Earlier reviewers lavished much praise on Harry Sullivan in this book. Rayner does capture his essence well; she grounds his appearance in his memories of the preceding Season 12 TV adventures and does much with the character's innate bumbling, which is amusing. By the end of the book, though, Rayner tries to do right by the late Ian Marter by elevating Harry to mythological status, as he is chosen to wield the Holy Grail (yes, that one; see below) and use it to dispatch the villain... but, in typical Harry style, he manages to lose the Grail within a matter of mere sentences, and the villain dies kinda-sorta by accident. Oh, and Harry never once bothers to check back on the comatose 8th Doctor to make sure he survived; this omission allows the 8th Doctor to think that Harry is dead, which sets the 4th Doctor's later plot (in)actions in motion. It's nice that Rayner names a chapter after an episode from The Reign of Terror, which Marter novelized, but having Harry act like another type congenital idiot, even in his character's moment of greatest triumph, is less nice.

No book should make so many missteps that a review becomes a litany of how distasteful the main characters were. Unfortunately, Sarah Jane fares little better than Harry and the Doctors. A few years after Wolfsbane hit the shelves, Lis Sladen took the role of Sarah back on TV and helmed her own series for five seasons, stopped only by her untimely death. Print Sarah in Wolfsbane, while inquisitive and enterprising, falls asleep several times, gets buried alive twice and has to literally babble her way out of a tree after being abducted by a dryad. If all Russell T. Davies knew of Sarah Jane was this book, Lis Sladen would never have made it back to the series. Sarah's also seriously dissed by the book's principal guest star, a female werewolf who declines the chance to turn Sarah into one of her kind, because she doesn't like her. I'm not sure what that was about.

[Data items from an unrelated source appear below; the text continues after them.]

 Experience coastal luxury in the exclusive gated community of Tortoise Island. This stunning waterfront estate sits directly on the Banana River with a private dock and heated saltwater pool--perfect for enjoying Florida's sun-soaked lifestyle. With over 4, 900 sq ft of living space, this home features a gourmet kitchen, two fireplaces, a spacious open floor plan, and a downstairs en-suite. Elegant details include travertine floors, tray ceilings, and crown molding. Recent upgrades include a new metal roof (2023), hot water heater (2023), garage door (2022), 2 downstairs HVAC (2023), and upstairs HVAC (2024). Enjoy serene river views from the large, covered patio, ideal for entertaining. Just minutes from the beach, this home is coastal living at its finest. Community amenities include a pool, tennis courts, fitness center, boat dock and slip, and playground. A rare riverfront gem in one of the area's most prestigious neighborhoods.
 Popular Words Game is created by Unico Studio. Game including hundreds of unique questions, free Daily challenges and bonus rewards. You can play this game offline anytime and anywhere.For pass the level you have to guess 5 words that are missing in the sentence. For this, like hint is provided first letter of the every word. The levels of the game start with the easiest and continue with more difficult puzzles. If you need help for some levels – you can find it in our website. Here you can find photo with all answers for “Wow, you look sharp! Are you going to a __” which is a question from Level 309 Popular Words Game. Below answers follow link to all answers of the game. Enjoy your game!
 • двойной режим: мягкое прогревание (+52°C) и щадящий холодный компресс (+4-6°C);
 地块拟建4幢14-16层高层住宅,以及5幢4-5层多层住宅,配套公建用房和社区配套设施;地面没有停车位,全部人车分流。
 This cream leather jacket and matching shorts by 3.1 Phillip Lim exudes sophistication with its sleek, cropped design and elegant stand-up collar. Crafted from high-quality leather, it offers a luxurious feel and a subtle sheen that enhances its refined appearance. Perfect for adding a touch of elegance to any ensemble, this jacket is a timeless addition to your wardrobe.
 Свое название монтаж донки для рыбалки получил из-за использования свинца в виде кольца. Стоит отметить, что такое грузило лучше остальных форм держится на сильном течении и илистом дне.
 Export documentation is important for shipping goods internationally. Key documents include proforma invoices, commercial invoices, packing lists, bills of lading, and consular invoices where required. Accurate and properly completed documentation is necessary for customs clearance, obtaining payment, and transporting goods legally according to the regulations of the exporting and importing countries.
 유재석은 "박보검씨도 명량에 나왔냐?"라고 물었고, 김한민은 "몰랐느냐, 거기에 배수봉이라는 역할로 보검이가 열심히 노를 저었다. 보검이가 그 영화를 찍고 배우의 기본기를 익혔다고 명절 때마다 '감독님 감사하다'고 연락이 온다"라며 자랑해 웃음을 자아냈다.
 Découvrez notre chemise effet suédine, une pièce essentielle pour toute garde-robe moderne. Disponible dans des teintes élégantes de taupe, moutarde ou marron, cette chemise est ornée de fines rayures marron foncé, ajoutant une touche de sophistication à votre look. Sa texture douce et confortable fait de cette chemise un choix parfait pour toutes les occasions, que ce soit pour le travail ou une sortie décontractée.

I finished this book not respecting or admiring any of the characters, and that's just not how it should have worked. I'm certain that Jac Rayner didn't set out to write a book in which Harry and Sarah came across so poorly.

The Arthurian legend stuff is a bit silly, but that's OK. The werewolf stuff, however, I think, borders on odious. On the one hand, the book is set on the eve of World War II, and many overt parallels are drawn between the Nazi treatment of Jews and of werewolves. This is powerful writing, the best of what Rayner is capable of doing. But, on the other hand, the same book also essentially uses the existence of the Holy Grail to make Doctor Who a platform for endorsing Christianity as "real", because the Grail is imbued with supernatural powers. I didn't appreciate that endorsement in Matrix, a PDA that featured a character from Christian mythology and presented him as "real", and I thought it an odd fit here in a book that's a meditation on the Holocaust. Secular Christmas specials on TV are fine, but having the Holy Grail exhibit substantial mystical powers (even before any of the other characters realize that it's a holy object) crosses a bright theological line. Either make the Grail an alien artifact, or ground its powers in the private beliefs of the bearer (a la the crucifixes and hammers-and-sickles in The Curse of Fenric), but don't make it an object of true divinity. That's not what sci fi is about.

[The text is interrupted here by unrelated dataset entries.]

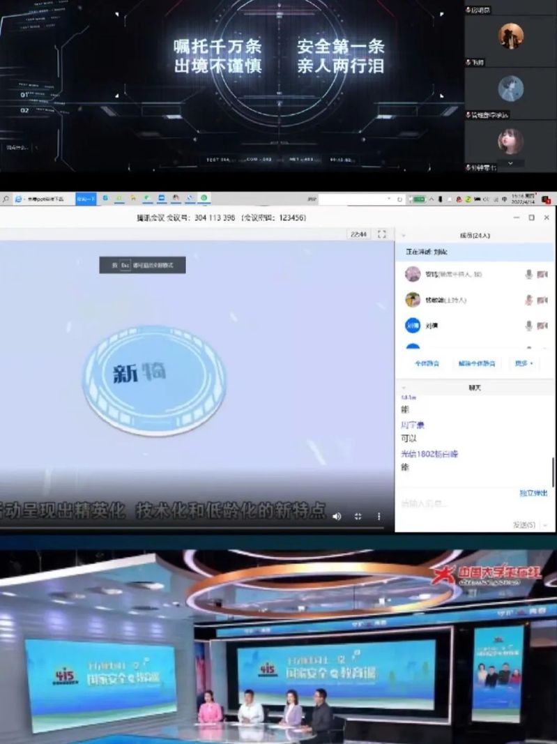 4月13日至4月15日,偷拍美女 组织学生召开了安全教育主题班会。学院以班级为单位,由班委带领全班同学观看了“千万师生同上一堂国家安全教育课”为主题的公开课和“反邪教警示教育进校园”专题的警示教育宣传片,以提高师生防范邪教的意识和能力。此次活动也旨在提高学生们的保密意识,引导学生进一步增强安全意识和法制观念,自觉守法护法。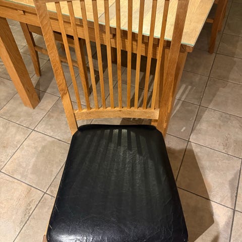 4st köksstolar i ek samt svart läder i mycket fint skick. Inköpta på Mio.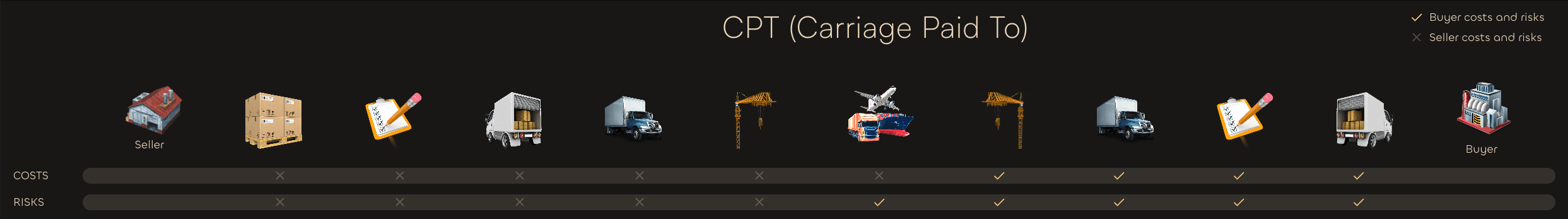 The Incoterm CPT means that the seller pays for the transportation of the goods to an agreed destination. However, the risk of loss or damage is transferred to the buyer as soon as the goods are delivered to the first carrier.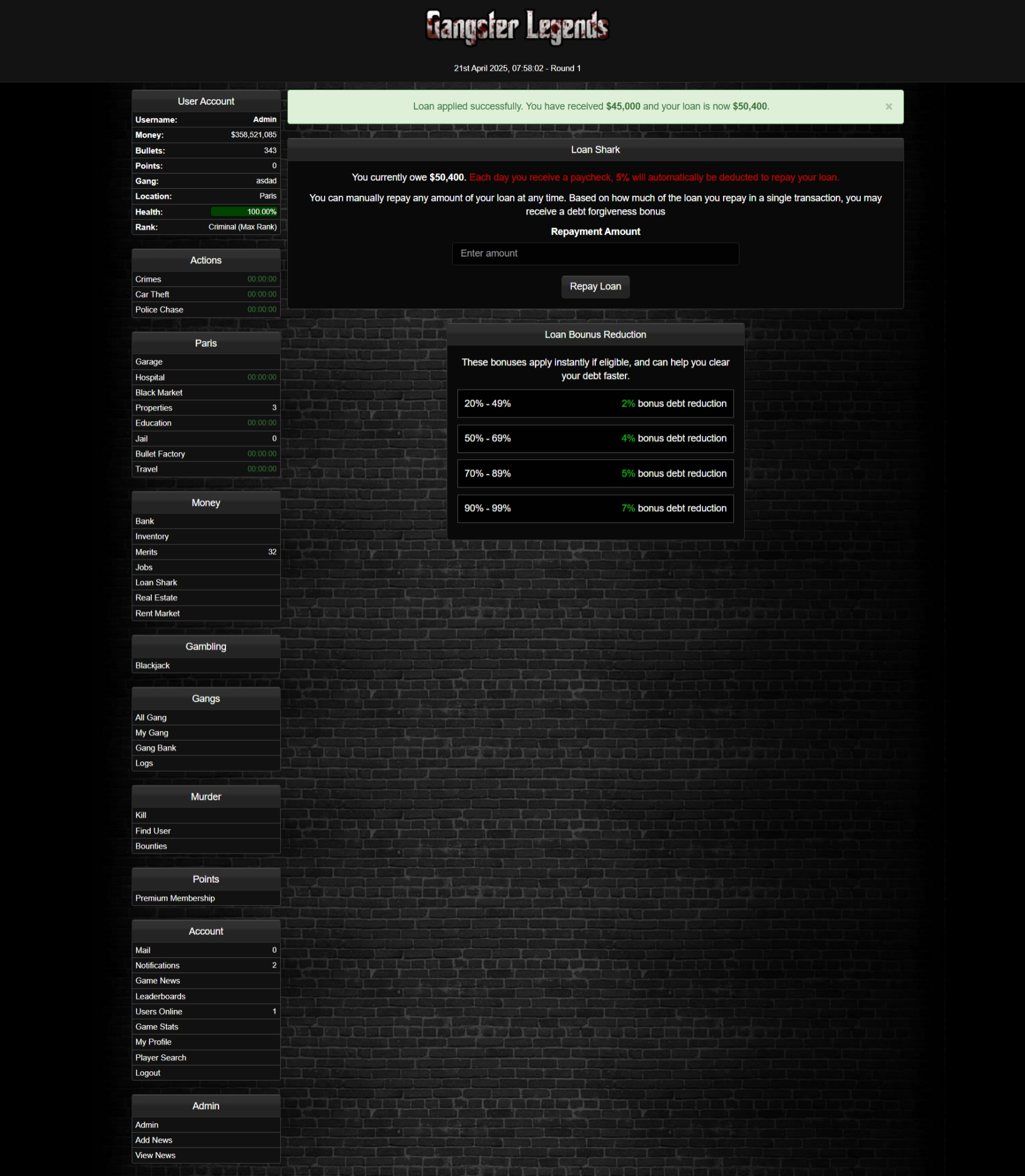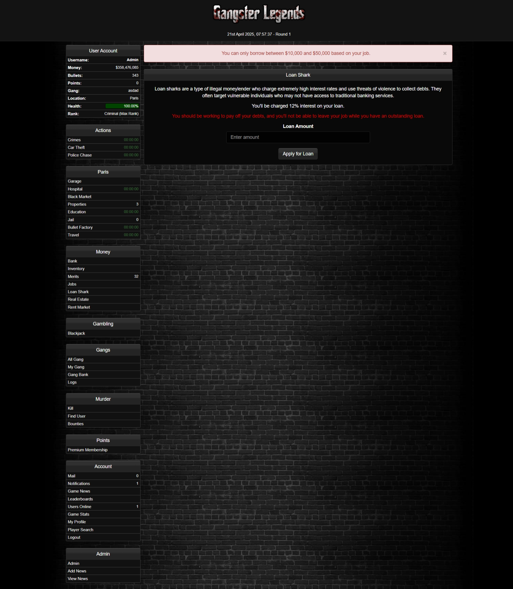 • Fully integrated with job salaries for dynamic loan caps and realistic conditions.

Other bits of the book are quite good, of course, but that's all they are: stray bits. So many other authorial or editorial choices outside of those stray bits were serious misfires that had me in open revolt.

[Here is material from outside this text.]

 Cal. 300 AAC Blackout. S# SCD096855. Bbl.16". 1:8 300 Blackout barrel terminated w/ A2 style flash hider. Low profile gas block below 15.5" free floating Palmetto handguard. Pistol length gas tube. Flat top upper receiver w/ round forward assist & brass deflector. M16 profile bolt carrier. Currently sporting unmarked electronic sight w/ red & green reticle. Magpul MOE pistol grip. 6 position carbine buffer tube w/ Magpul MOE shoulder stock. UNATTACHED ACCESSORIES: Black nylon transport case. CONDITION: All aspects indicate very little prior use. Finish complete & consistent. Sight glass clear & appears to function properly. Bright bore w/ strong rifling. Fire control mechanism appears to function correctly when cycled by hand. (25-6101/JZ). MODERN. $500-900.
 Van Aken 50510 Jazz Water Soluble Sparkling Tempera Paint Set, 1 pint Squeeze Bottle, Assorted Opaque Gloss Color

Worst of all is the ending sequence, and I'm going to give Rayner the benefit of the doubt and assume that the editor forced it in. At around the time Wolfsbane came out, the EDAs were going through their tortured and circuitous "multiverse" arc. Because Wolfsbane is half an EDA (albeit set during a previous arc), the final chapter includes a sequence of alternate endings, implying that the events of the book occurred simultaneously across several universes. One of those endings features an alternate-universe 4th Doctor murdering Sarah and Harry after they're bitten by werewolves. Granted, it's not the ending, but its also another silver knife in the heart of this book, preventing it from ever rising up to become anything but one of the most irksome BBC Books Doctor Who novels ever published.